[DATA]

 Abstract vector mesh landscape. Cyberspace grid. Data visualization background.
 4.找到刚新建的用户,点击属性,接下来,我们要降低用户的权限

[/DATA]
[DATA]

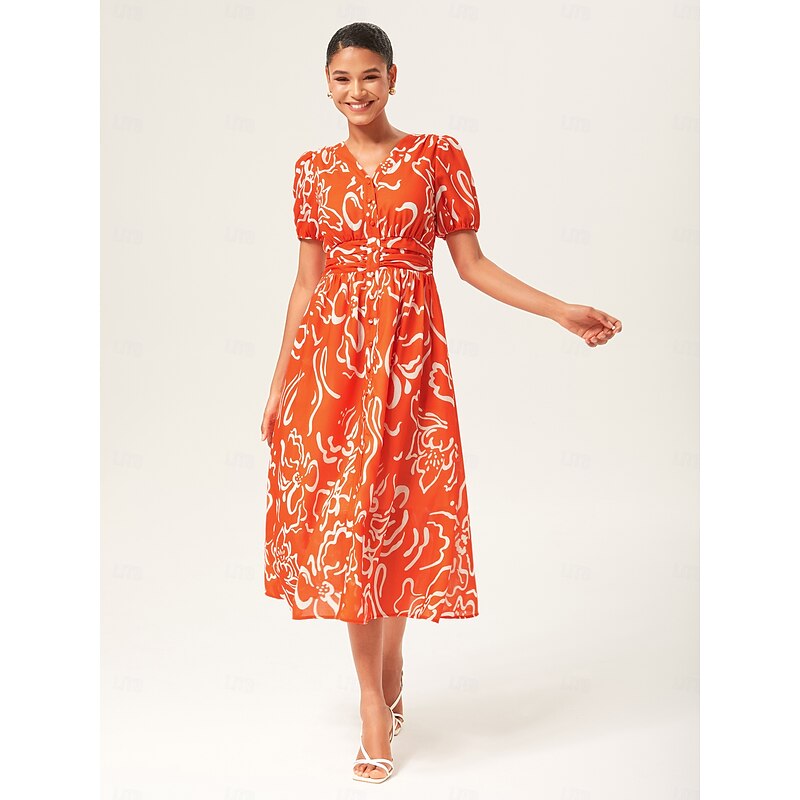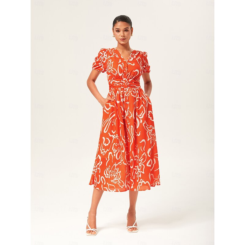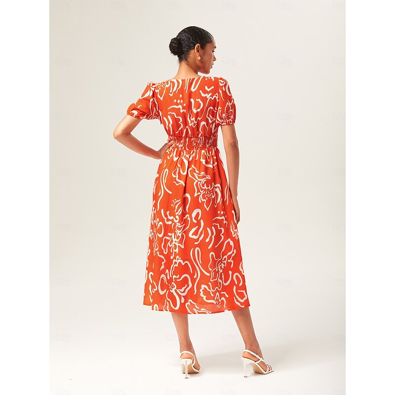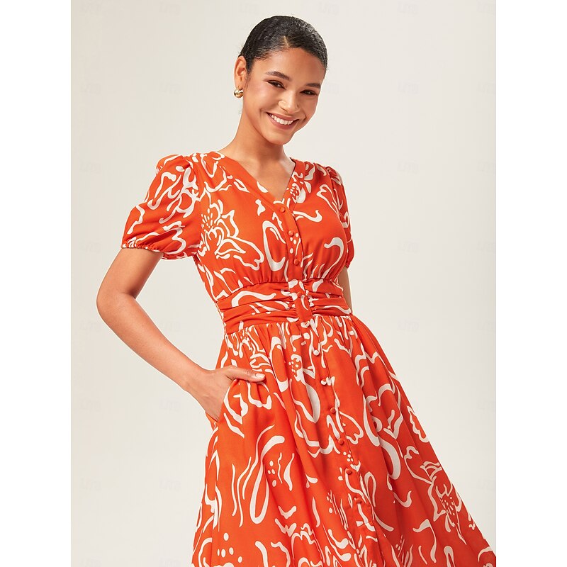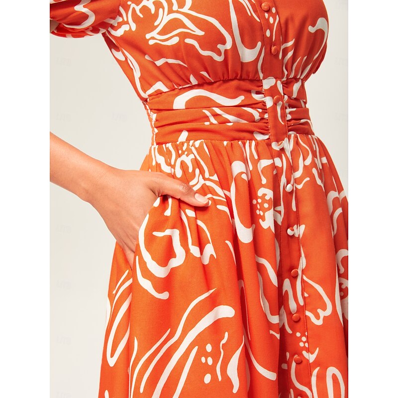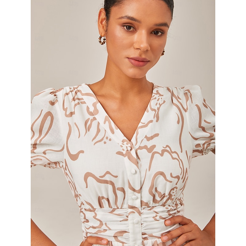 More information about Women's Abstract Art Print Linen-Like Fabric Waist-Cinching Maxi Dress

[/DATA]

TRY IT: Retype the records above, but only those lines that fall between the line containing "Abstract vector mesh" and the line containing "4.找到刚新建的用户,点击属性,接下来,我们要降低用户的权限", with both of those lines included, exactly as written.

WRITTEN RESPONSE:
 Abstract vector mesh landscape. Cyberspace grid. Data visualization background.
 4.找到刚新建的用户,点击属性,接下来,我们要降低用户的权限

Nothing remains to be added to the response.